======== Given information
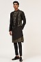 Featuring a black asymmetrical kurta in cotton silk chanderi base with embroidery. It is paired with pant-cut pyjama pants. This attire would be an excellent fit for any festive occasion or sangeet ceremonies.
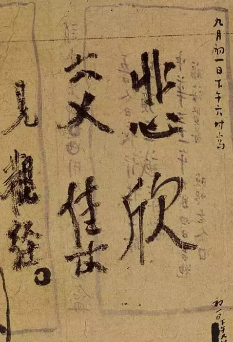 一是他圆寂前夕,写下的“悲欣交集”的帖子,无论是这句话本身,还是他所写的墨宝,都使人看到一位高僧,在生死玄关面前的不俗心境,既悲且欣,耐人寻味。
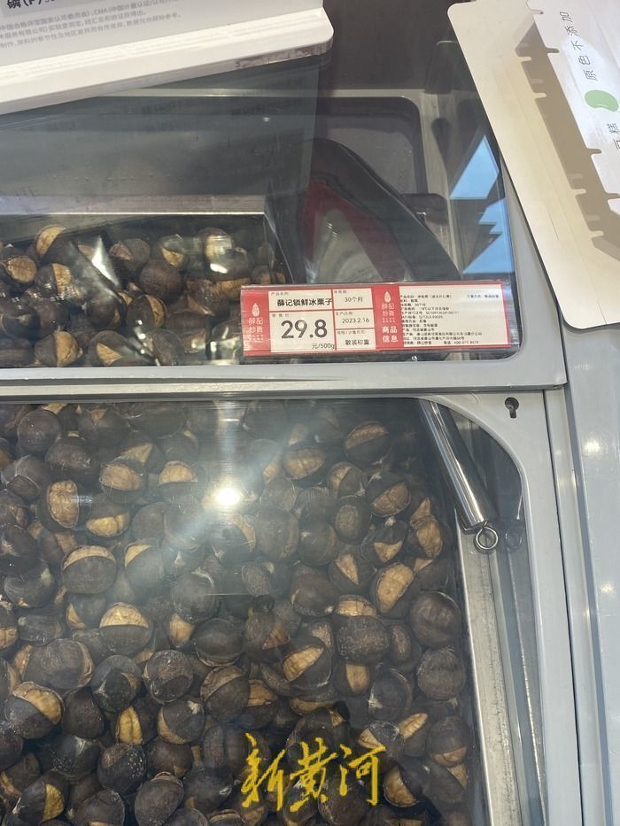 走进薛记炒货店,醒目处可以看到放置着的冰箱,冰箱内是标价29.8元一斤的薛记锁鲜冰栗子。王兵曾是薛记栗子的忠实粉丝,在他眼里,“这栗子跟别的不一样,又软又糯。”12月2日下午,王兵跟往常一样,又在薛记炒货里先是转了一圈,而后称了一斤栗子,他一边在收银台结账,一边询问店员“你们这是冷冻后直接烤的?不是鲜栗子炒的?”店员回复他“独有的锁鲜技术,即食加工。”
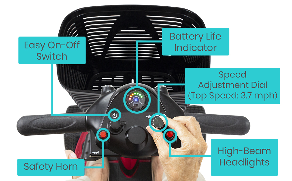 COMFORTABLE SEATING: Comfortably padded, the wide, 15.75” seat and backrest provide gentle cushioning and support. The swivel seat rotates, allowing you to more easily step off the scooter without aggravating back pain. The height-adjustable seat can easily be customized with the push of a lever, for a more comfortable fit. The scooter is also surrounded by two padded armrests that adjust and flip upward—for greater convenience when exiting or boarding.
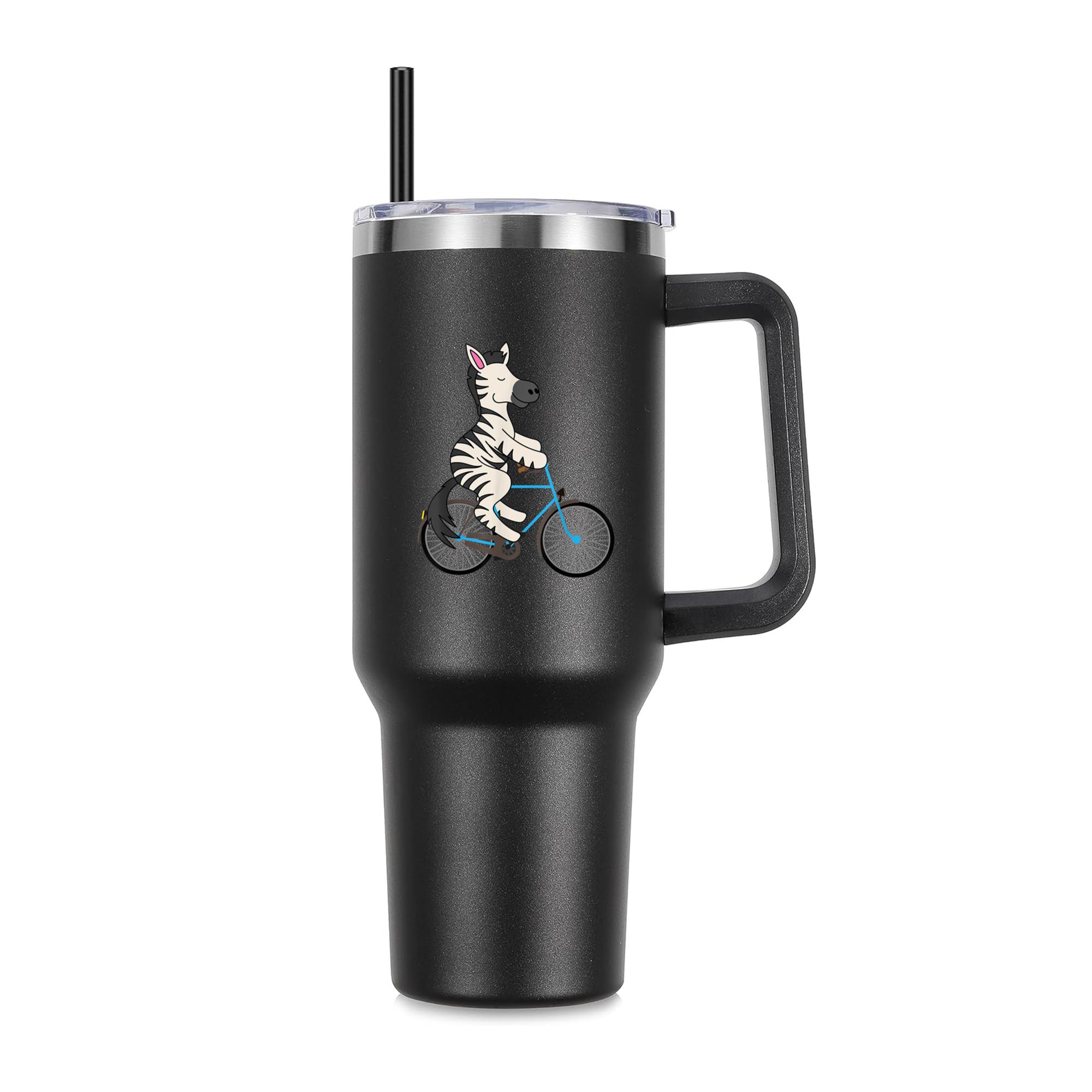 Stay hydrated in style with our Zebra On Bike Black White Stripe Biking 40oz Stainless Steel Tumbler 40oz Stainless Steel Tumbler. Featuring a built-in handle, reusable straw, and vacuum-insulated double-wall design, it keeps drinks hot or cold for hours — perfect for travel, office, workouts, or daily use.
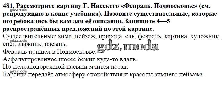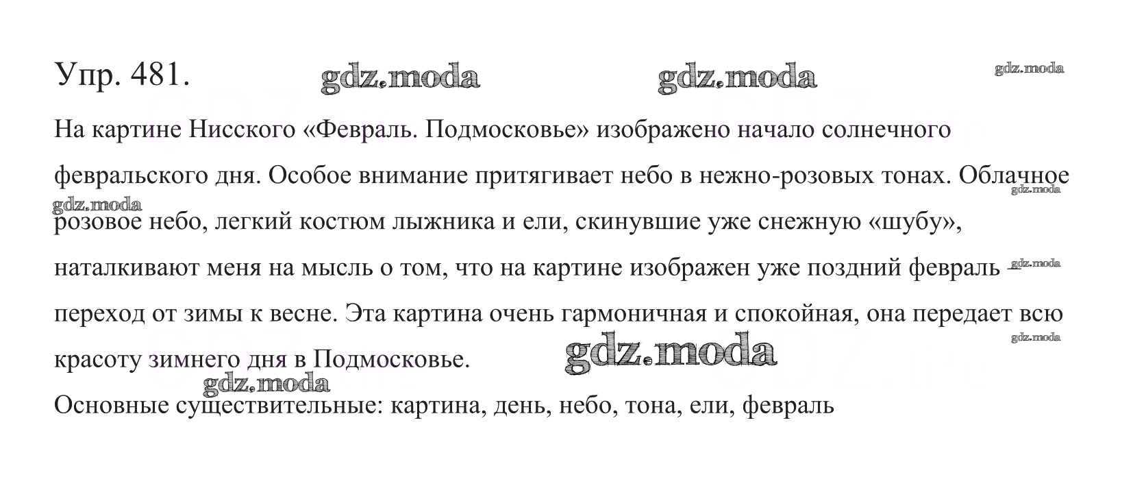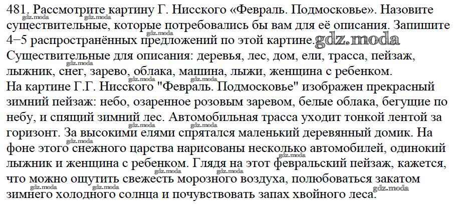 ОТВЕТ на задание № 481 Учебник по Русскому языку 5 класс Баранов
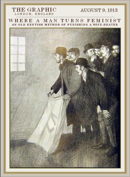 Artículo británico de agosto de 1913 que muestra cómo en algunas zonas de Inglaterra sobrevive una antigua tradición para castigar a los golpeadores de esposas.
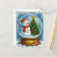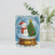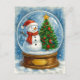 A delightful watercolor illustration featuring a smiling snowman in a red hat and scarf beside a beautifully decorated Christmas tree inside a snow globe. Snowflakes dance around them, capturing the magic of the holiday season. Perfect for spreading joy, warmth, and festive cheer to family, friends, and loved ones this Christmas.
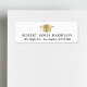 Elegant vit etikett för examensadress med en guld gradueringsmössa och examenets namn och adress i modern typsnitt.
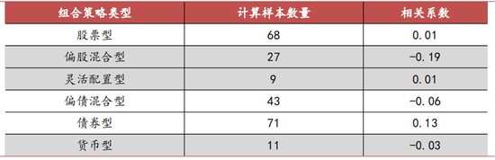 表17.各类型基金投顾组合策略年度调仓频次与年度收益率相关系数
================
> Exercise aim
From the line that contains "Elegant vit etikett" down to the last line of the entries above, copy every line exactly and leave out the pictures.

> Result
 Elegant vit etikett för examensadress med en guld gradueringsmössa och examenets namn och adress i modern typsnitt.
 表17.各类型基金投顾组合策略年度调仓频次与年度收益率相关系数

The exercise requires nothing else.